UNITED STATES DISTRICT COURT FOR THE WESTERN DISTRICT OF VIRGINIA ROANOKE DIVISION
Nov 12, 2013
Civil Action No. 7:13-cv-00244 (W.D. Va. Nov. 12, 2013)

Opinion

Civil Action No. 7:13-cv-00244

11-12-2013

MICHAEL A. MCCLANAHAN, Petitioner, v. DIRECTOR OF THE DEPARTMENT OF CORRECTIONS, Respondent.


MEMORANDUM OPINION


By: Hon. Jackson L. Kiser

Senior United States District Judge

Michael A. McClanahan, a Virginia inmate proceeding pro se, filed a petition for a writ of habeas corpus, pursuant to 28 U.S.C. § 2254. Respondent filed a motion to dismiss, and Petitioner responded, making the matter ripe for disposition. After reviewing the record, I grant Respondent's motion to dismiss because Petitioner procedurally defaulted his claims.

I.

A grand jury charged Petitioner with committing two felonies: a fourth or subsequent DUI within ten years, in violation of Virginia Code § 18.2-266 ("Count One"), and driving a vehicle while deprived of a license three times within ten years for DUI convictions, in violation of Virginia Code § 18.2-272(A) ("Count Two"). The Commonwealth amended Count Two to charge Petitioner with driving on a license forfeited for DUI for a third time, in violation of Virginia Code § 46.2-391 ("Amended Count Two"). A jury found Petitioner guilty of Count One and Amended Count Two (collectively, "Crimes").

While a direct appeal was pending with the Court of Appeals of Virginia, Petitioner filed his first state habeas petition with the Circuit Court, which dismissed the petition as procedurally barred under Slayton v. Parrigan, 215 Va. 27, 305 S.E.2d 680 (1974). Petitioner did not appeal the dismissal to the Supreme Court of Virginia.

All of Petitioner's state habeas filings were pro se.

Slayton precludes a Virginia court from reviewing a non-jurisdictional claim in a petition for a writ of habeas corpus when that claim could have been presented at trial and on appeal but was not.

Petitioner subsequently filed a second state habeas petition with the Circuit Court, and while that petition was pending, Petitioner filed a third state habeas petition with the Supreme Court of Virginia.

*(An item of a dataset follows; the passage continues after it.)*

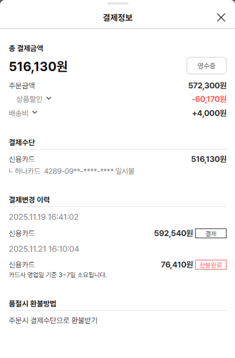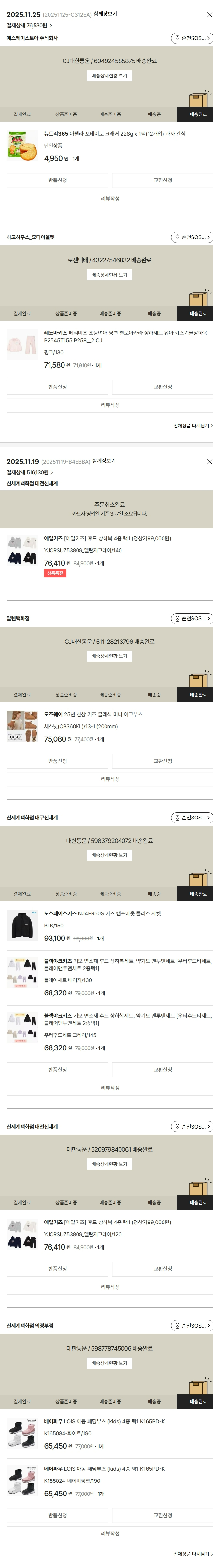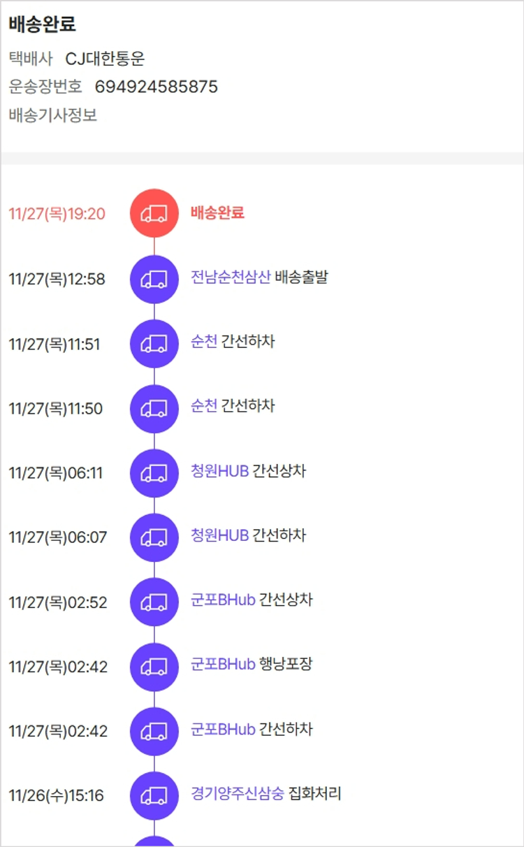 기부자님이 사용한 기부포인트 105,500원, 물품배송비 4,000원, 가격상승분 3,860원, 결제 수수료 10,872원, 기타 사업비는 행복나눔재단이 부담했습니다. (기부후기 발송시점에 최종 업데이트 됩니다.) 상품 주문 건 중 품절 발생하여 2025-11-25 재주문하였습니다. 실제 쇼핑몰에서 확인되는 배송현황을 캡처한 내용입니다. 실시간 자료와는 차이가 있을 수 있습니다.

Ultimately, the Circuit Court dismissed the second state habeas petition as procedurally defaulted, and the Supreme Court of Virginia dismissed the third state habeas petition as successive and also refused the appeal of the second state habeas petition.

Specifically, the Circuit Court dismissed all but one claim of ineffective assistance of counsel as barred by Slayton v. Parrigan, 215 Va. 27, 305 S.E.2d 680 (1974), and dismissed all claims, including the one ineffective assistance of counsel claim, as successive, pursuant to Virginia Code § 8.01-654(B)(2).

The Supreme Court of Virginia also denied a petition for rehearing in each proceeding.

Petitioner argues five main claims in the instant federal habeas petition:

I note that Petitioner cannot hint at new claims for habeas relief in a response to a motion to dismiss and expect a court to make Petitioner's case for him. See, e.g., Rule 2(c)(1) of the Rules Governing § 2254 Cases (requiring all bases for habeas relief to be presented in the petition); United States v. Dunkel, 927 F.2d 955, 956 (7th Cir. 1991) ("Judges are not like pigs, hunting for truffles buried in briefs.").

1. The indictments for the Crimes are void;
2. The Commonwealth used perjured testimony from Deputy Shortridge;
3. Petitioner was denied the right to a fair trial by an impartial jury;
4. Petitioner's counsel were ineffective; and
5. The Circuit Court did not replace appellate counsel.
After reviewing the state court record and the federal petition, I find that Petitioner procedurally defaulted all his claims.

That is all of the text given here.